Stored dataset items:
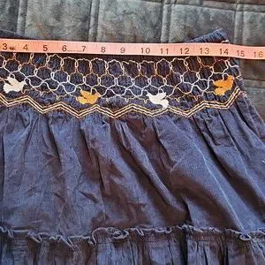 The set features a fitted, smocked crop tank and a coordinating tiered maxi skirt, both crafted from soft cotton, baby corduroy, with beautiful embroidered trim in pink, orange, and white accents.
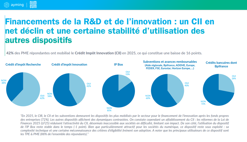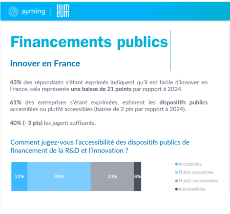 Alors que de moins en moins d’entreprises déclarent qu’il est facile d’innover en France (43% en 2025 contre 64% en 2024), les résultats de cette édition 2025 rappellent la nécessité de disposer dans notre pays d’un cadre fiscal et réglementaire, stable et lisible, propice à la recherche et à l’innovation.
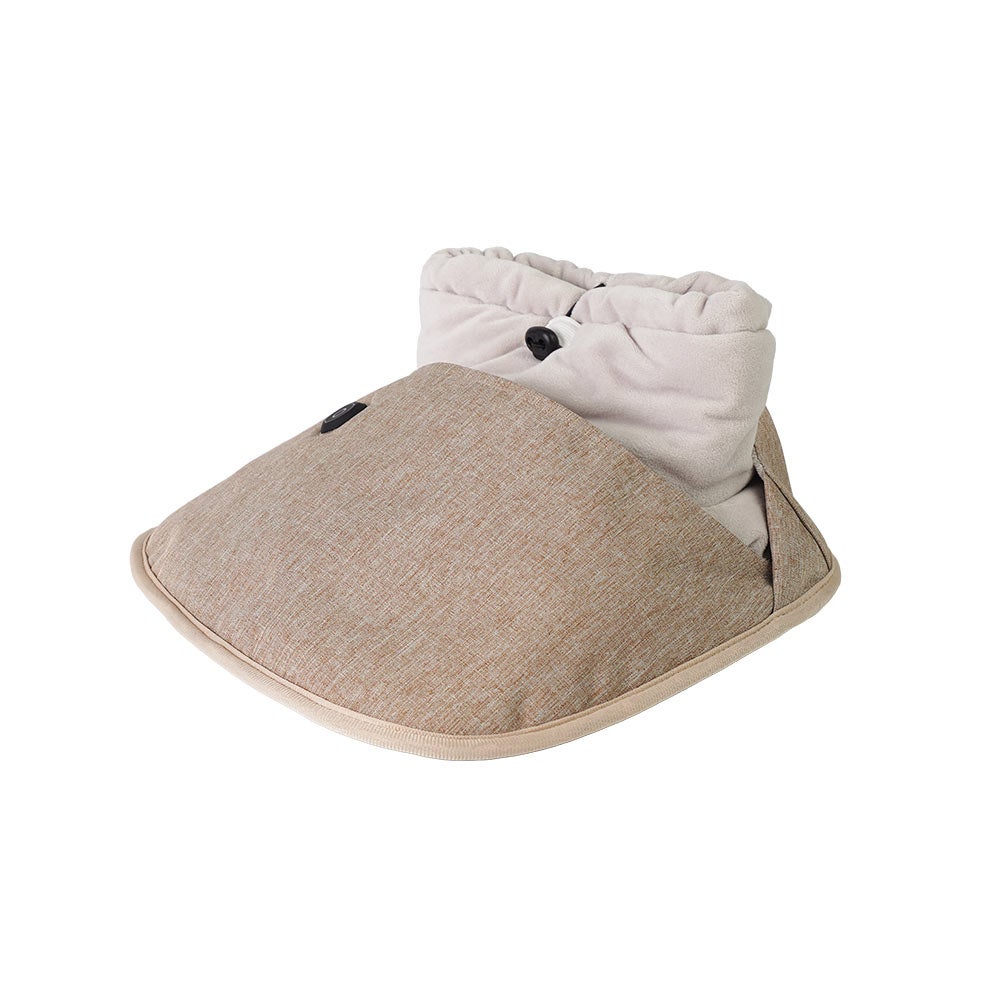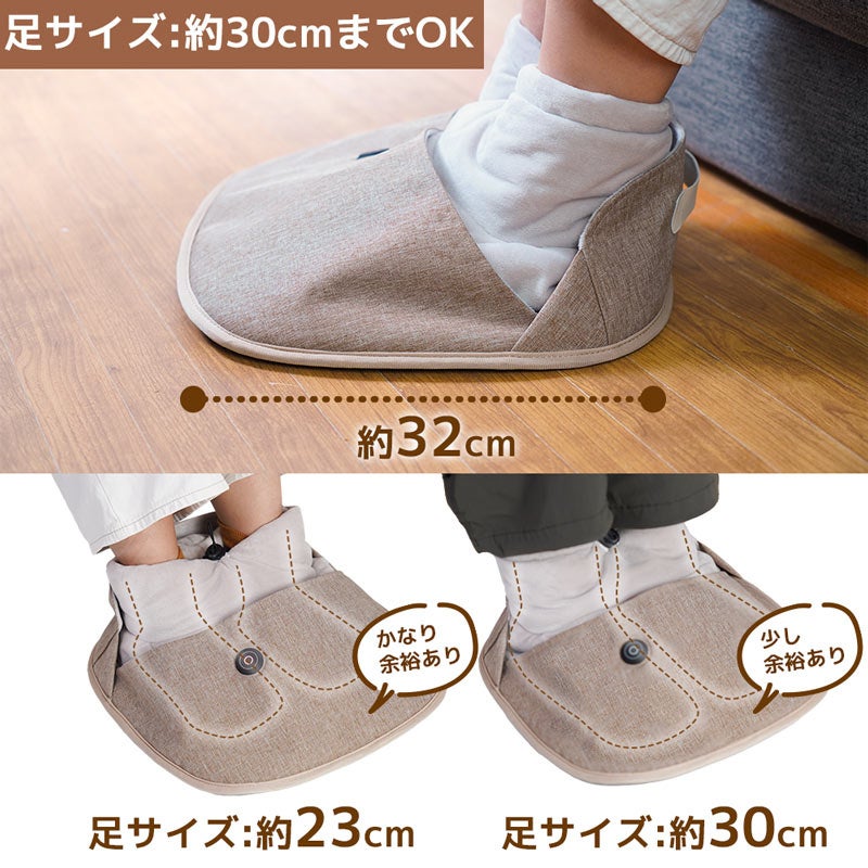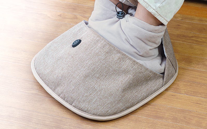 本体サイズは幅34×奥行32×高さ20cm、重さ約300g。取っ手部分を引っ掛けて収納したり、折りたたんで収納も可能。使い方は両方の足を本体内に入れて、電源ボタンを押せば足裏の2か所のヒーターが足を温めます。足首まですっぽりと包み込み、さらにドローコードを締めれば内部の暖かい空気を逃がさず暖かい状態を維持できます。
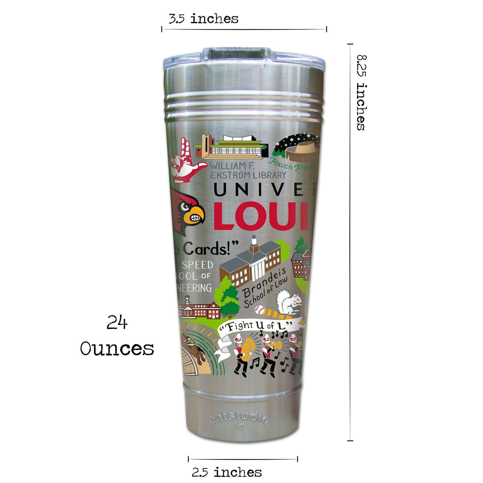 This original design celebrates the University of Louisville. Go Cards!Our original art is now available to bring along on all your on-the-go adventures. This triple-walled 24 ounce thermal tumbler amazingly keeps beverages HOT for 4 hours and COLD for 6 hours. Add ice for up to 12 hours of cool sipping! Features a thoughtfully-engineered magnetic closure and a non-slip bottom to prevent spills and wet marks on surfaces. Innovation at its finest. Yippee!
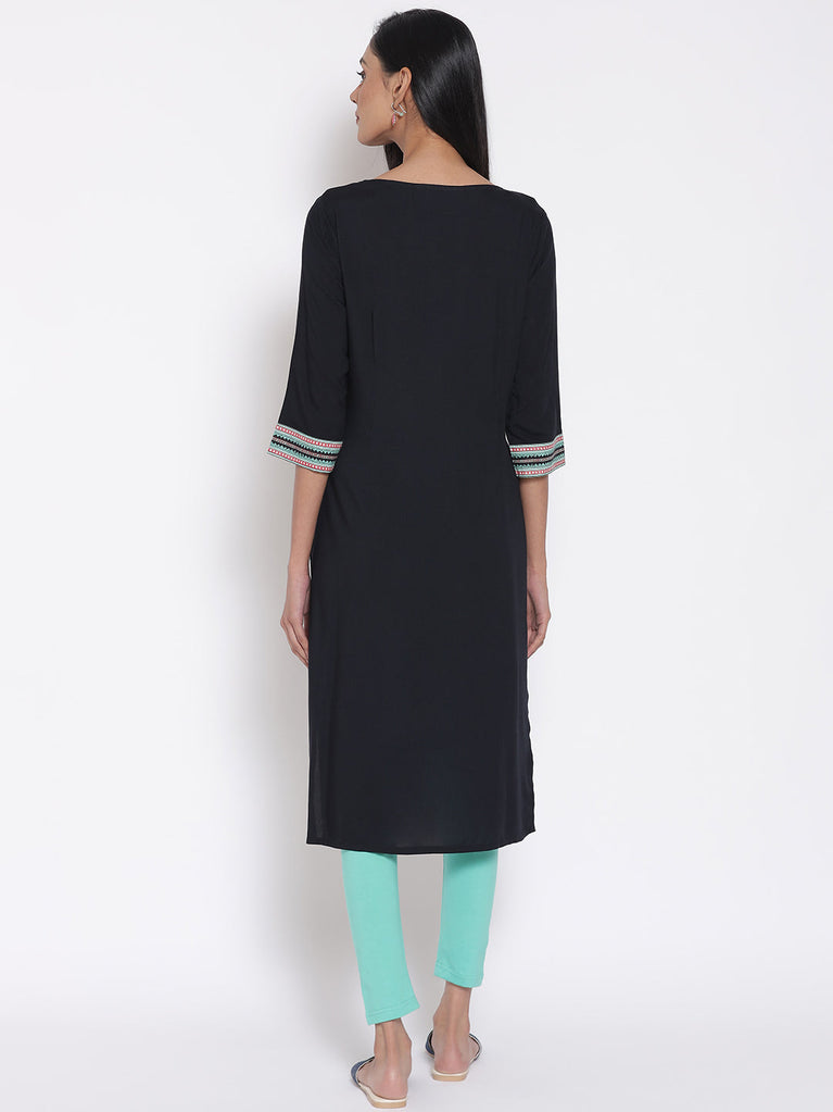 Get ready to make statement look in this casual LIVA kurta set. The set has black printed straight kurta in round neck and it is paired with skin fit tights.
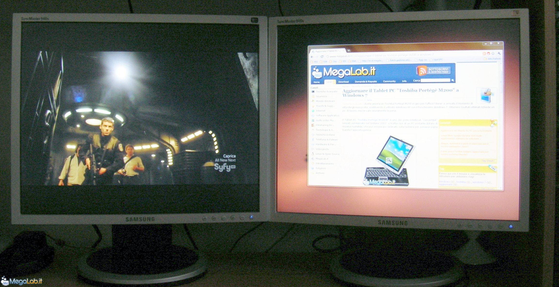 Una critica a quanto appena detto potrebbe riguardare l'uso dello finestre massimizzate, passando da un'applicazione all'altra tramite la combinazione da tastiera Alt+Tab. Non metto in dubbio che, disponendo di un display solo, saltare da una finestra all'altra possa essere una scelta più azzeccata rispetto a lavorare a finestre affiancate. Se però vi trovate a creare documenti particolarmente lunghi o che prevedono passaggi o termini complessi da riportare con la massima accuratezza, quanti istanti perdete ogni volta fra salto e "riadattamento mentale" al nuovo contesto? e se avete molteplici applicazioni aperte contemporaneamente (magari non utilizzate in questo momento), quanto tempo perdete richiamandole erroneamente? E, ancora, vogliamo parlare della fase di revisione? "Tsk, io ho un widescreen da 23 pollici... "Un singolo display a diagonale elevata non è, a mio avviso, una soluzione valida quanto una configurazione dual-monitor. Il problema risiede, fondamentalmente, nella risoluzione orizzontale massima e, di conseguenza, nel numero di pixel visualizzabili contemporaneamente. Due display da 19 pollici con una risoluzione orizzontale di 1280 pixel l'uno (è lo scenario raffigurato nelle immagini di inizio pagina), consentono di visualizzare 2560 pixel alla volta. Un singolo monitor da 23 pollici, per quanto di buona qualità, difficilmente è in grado di andare oltre i 1920 punti... il 33% in meno! Inoltre, un monitor da 1920 pixel offre appena 640 pixel in più rispetto agli screenshot singolo-display presentati in precedenza: questo significa che, suddivisi per le due finestre visualizzate in contemporanea, si otterranno appena 320 pixel in più per schermata.... insufficienti a sbloccare la situazione in maniera risolutiva. L'unica circostanza in cui un singolo video "gigante" sia equiparabile ad un dual-monitor è quando la sua risoluzione orizzontale è uguale o superiore ai 2560 pixel (ovvero 1280 pixel, la risoluzione ideale per il web moderno, per due, di modo da visualizzare due pagine affiancate). A novembre 2010, solo un pugno di apparecchi raggiungono tale risoluzione, ed hanno tutti prezzi superiori ai 1.000 $. Tutti i numeri della produttivitàArrivati a questo punto, credo sia ormai piuttosto chiaro che il dual-monitor porti con sé una serie di vantaggi di primo piano. Ma "di quanto" migliorano le cose, esattamente? Sebbene sia difficile parlare in senso assoluto, alcuni numeri possono aiutare. Microsoft Research cita uno studio condotto da terzi nel quale è stato rilevato un miglioramento della produttività compreso fra il 9 e il 50% una volta che il campione sia stato dotato di un secondo display. Una rilevazione condotta presso la direzione di un ospedale canadese parla di un miglioramento delle prestazioni pari al 3% circa, capace però di tradursi in un risparmio netto di 5.530 € nei costi di gestione. Un articolo edito da New York Times fa riferimento ad un sondaggio più informale, nel quale si cita un +30% nel rendimento dei lavoratori dual-monitor. Molti studi sulla materia sono stati condotti da NEC ("fino al +10%") ed altri, ma le conclusioni sono sempre le stesse: i benefici sono tangibili e facilmente misurabili in pressoché qualsiasi scenario. Dite "no" al tri/quad/multi-monitorConsiderati i costi irrisori dell'attrezzatura necessaria (ne parleremo diffusamente nelle prossime pagine), è facile farsi prendere la mano e valutare la possibilità di affiancare anche un terzo o, addirittura, un quarto monitor. Ho personalmente svolto alcune prove in queste situazioni, ottenendo risultati abbastanza deludenti: in uno scenario di produzione "da ufficio", i benefici che si ottengono andando oltre due display sono decisamente modesti. Il limite di fondo è dato dal fatto che sul terzo monitor e successivi difficilmente si sa "cosa metterci": certo, potete piazzare il programma di gestione della posta elettronica per vedere in tempo reale le nuove e-mail in arrivo, o la finestra di messaggistica istantanea per chattare mentre lavorate, o, ancora, qualche "gadget/widget" per il desktop, utile a riportare l'andamento azionario o le previsioni del meteo.... ma quello che dovete chiedervi è: quanto, di questo continuo flusso di informazioni aggiuntive, potete realmente processare prima che il tutto si traduca in un'interruzione continua che vi impedisca di lavorare sui primi due schermi? e, ancora, se proprio è necessario essere interrotti in tempo reale, non basta una notifica a pop-up dal giusto programma su uno dei primi due schermi? Non mi fraintendete: se avete una spiccata capacità di concentrazione, lo spazio sulla vostra scrivania abbonda, desiderate guardare filmati mentre lavorate sugli altri due schermi, tenere costantemente d'occhio una webcam di sicurezza o operate in frenetici ambienti finanziari in cui è vitale visualizzare moltissimi dati contemporaneamente..... aggiungere altri display non vi causerà un danno. La mia raccomandazione di orientarsi sul dual è dovuta al fatto che, in scenari standard, c'è il rischio concreto che i monitor supplementari vengano realmente sfruttati solamente in pochissime circostanze, o finiscano per essere più una distrazione che altro. Di videogiochi e filmatiA voler essere del tutto esaustivi, l'approccio dual-monitor risulta scarsamente interessante quando si parla di videogiochi, di home theather o di tutte quelle applicazioni che rendono il meglio solamente in fullscreen. Il limite è costituito dal fatto che, sebbene con alcune eccezioni, queste applicazioni non sono in grado di gestire il doppio schermo in maniera appropriata. Riproducendo un filmato, per quanto questo sia ad altissima risoluzione, verrà sfruttato un solo monitor: Il discorso è del tutto analogo quando si parla di videogiochi L'unica soluzione, in questo caso, è quella di spegnere il display secondario. Non è, naturalmente, una "penalizzazione" rispetto allo scenario in cui fosse in uso un singolo monitor, ma è comunque una

What this task involves: None of the pictures belongs in the answer, but all the entries must be repeated exactly.

Solved exercise:
 The set features a fitted, smocked crop tank and a coordinating tiered maxi skirt, both crafted from soft cotton, baby corduroy, with beautiful embroidered trim in pink, orange, and white accents.
 Alors que de moins en moins d’entreprises déclarent qu’il est facile d’innover en France (43% en 2025 contre 64% en 2024), les résultats de cette édition 2025 rappellent la nécessité de disposer dans notre pays d’un cadre fiscal et réglementaire, stable et lisible, propice à la recherche et à l’innovation.
 本体サイズは幅34×奥行32×高さ20cm、重さ約300g。取っ手部分を引っ掛けて収納したり、折りたたんで収納も可能。使い方は両方の足を本体内に入れて、電源ボタンを押せば足裏の2か所のヒーターが足を温めます。足首まですっぽりと包み込み、さらにドローコードを締めれば内部の暖かい空気を逃がさず暖かい状態を維持できます。
 This original design celebrates the University of Louisville. Go Cards!Our original art is now available to bring along on all your on-the-go adventures. This triple-walled 24 ounce thermal tumbler amazingly keeps beverages HOT for 4 hours and COLD for 6 hours. Add ice for up to 12 hours of cool sipping! Features a thoughtfully-engineered magnetic closure and a non-slip bottom to prevent spills and wet marks on surfaces. Innovation at its finest. Yippee!
 Get ready to make statement look in this casual LIVA kurta set. The set has black printed straight kurta in round neck and it is paired with skin fit tights.
 Una critica a quanto appena detto potrebbe riguardare l'uso dello finestre massimizzate, passando da un'applicazione all'altra tramite la combinazione da tastiera Alt+Tab. Non metto in dubbio che, disponendo di un display solo, saltare da una finestra all'altra possa essere una scelta più azzeccata rispetto a lavorare a finestre affiancate. Se però vi trovate a creare documenti particolarmente lunghi o che prevedono passaggi o termini complessi da riportare con la massima accuratezza, quanti istanti perdete ogni volta fra salto e "riadattamento mentale" al nuovo contesto? e se avete molteplici applicazioni aperte contemporaneamente (magari non utilizzate in questo momento), quanto tempo perdete richiamandole erroneamente? E, ancora, vogliamo parlare della fase di revisione? "Tsk, io ho un widescreen da 23 pollici... "Un singolo display a diagonale elevata non è, a mio avviso, una soluzione valida quanto una configurazione dual-monitor. Il problema risiede, fondamentalmente, nella risoluzione orizzontale massima e, di conseguenza, nel numero di pixel visualizzabili contemporaneamente. Due display da 19 pollici con una risoluzione orizzontale di 1280 pixel l'uno (è lo scenario raffigurato nelle immagini di inizio pagina), consentono di visualizzare 2560 pixel alla volta. Un singolo monitor da 23 pollici, per quanto di buona qualità, difficilmente è in grado di andare oltre i 1920 punti... il 33% in meno! Inoltre, un monitor da 1920 pixel offre appena 640 pixel in più rispetto agli screenshot singolo-display presentati in precedenza: questo significa che, suddivisi per le due finestre visualizzate in contemporanea, si otterranno appena 320 pixel in più per schermata.... insufficienti a sbloccare la situazione in maniera risolutiva. L'unica circostanza in cui un singolo video "gigante" sia equiparabile ad un dual-monitor è quando la sua risoluzione orizzontale è uguale o superiore ai 2560 pixel (ovvero 1280 pixel, la risoluzione ideale per il web moderno, per due, di modo da visualizzare due pagine affiancate). A novembre 2010, solo un pugno di apparecchi raggiungono tale risoluzione, ed hanno tutti prezzi superiori ai 1.000 $. Tutti i numeri della produttivitàArrivati a questo punto, credo sia ormai piuttosto chiaro che il dual-monitor porti con sé una serie di vantaggi di primo piano. Ma "di quanto" migliorano le cose, esattamente? Sebbene sia difficile parlare in senso assoluto, alcuni numeri possono aiutare. Microsoft Research cita uno studio condotto da terzi nel quale è stato rilevato un miglioramento della produttività compreso fra il 9 e il 50% una volta che il campione sia stato dotato di un secondo display. Una rilevazione condotta presso la direzione di un ospedale canadese parla di un miglioramento delle prestazioni pari al 3% circa, capace però di tradursi in un risparmio netto di 5.530 € nei costi di gestione. Un articolo edito da New York Times fa riferimento ad un sondaggio più informale, nel quale si cita un +30% nel rendimento dei lavoratori dual-monitor. Molti studi sulla materia sono stati condotti da NEC ("fino al +10%") ed altri, ma le conclusioni sono sempre le stesse: i benefici sono tangibili e facilmente misurabili in pressoché qualsiasi scenario. Dite "no" al tri/quad/multi-monitorConsiderati i costi irrisori dell'attrezzatura necessaria (ne parleremo diffusamente nelle prossime pagine), è facile farsi prendere la mano e valutare la possibilità di affiancare anche un terzo o, addirittura, un quarto monitor. Ho personalmente svolto alcune prove in queste situazioni, ottenendo risultati abbastanza deludenti: in uno scenario di produzione "da ufficio", i benefici che si ottengono andando oltre due display sono decisamente modesti. Il limite di fondo è dato dal fatto che sul terzo monitor e successivi difficilmente si sa "cosa metterci": certo, potete piazzare il programma di gestione della posta elettronica per vedere in tempo reale le nuove e-mail in arrivo, o la finestra di messaggistica istantanea per chattare mentre lavorate, o, ancora, qualche "gadget/widget" per il desktop, utile a riportare l'andamento azionario o le previsioni del meteo.... ma quello che dovete chiedervi è: quanto, di questo continuo flusso di informazioni aggiuntive, potete realmente processare prima che il tutto si traduca in un'interruzione continua che vi impedisca di lavorare sui primi due schermi? e, ancora, se proprio è necessario essere interrotti in tempo reale, non basta una notifica a pop-up dal giusto programma su uno dei primi due schermi? Non mi fraintendete: se avete una spiccata capacità di concentrazione, lo spazio sulla vostra scrivania abbonda, desiderate guardare filmati mentre lavorate sugli altri due schermi, tenere costantemente d'occhio una webcam di sicurezza o operate in frenetici ambienti finanziari in cui è vitale visualizzare moltissimi dati contemporaneamente..... aggiungere altri display non vi causerà un danno. La mia raccomandazione di orientarsi sul dual è dovuta al fatto che, in scenari standard, c'è il rischio concreto che i monitor supplementari vengano realmente sfruttati solamente in pochissime circostanze, o finiscano per essere più una distrazione che altro. Di videogiochi e filmatiA voler essere del tutto esaustivi, l'approccio dual-monitor risulta scarsamente interessante quando si parla di videogiochi, di home theather o di tutte quelle applicazioni che rendono il meglio solamente in fullscreen. Il limite è costituito dal fatto che, sebbene con alcune eccezioni, queste applicazioni non sono in grado di gestire il doppio schermo in maniera appropriata. Riproducendo un filmato, per quanto questo sia ad altissima risoluzione, verrà sfruttato un solo monitor: Il discorso è del tutto analogo quando si parla di videogiochi L'unica soluzione, in questo caso, è quella di spegnere il display secondario. Non è, naturalmente, una "penalizzazione" rispetto allo scenario in cui fosse in uso un singolo monitor, ma è comunque una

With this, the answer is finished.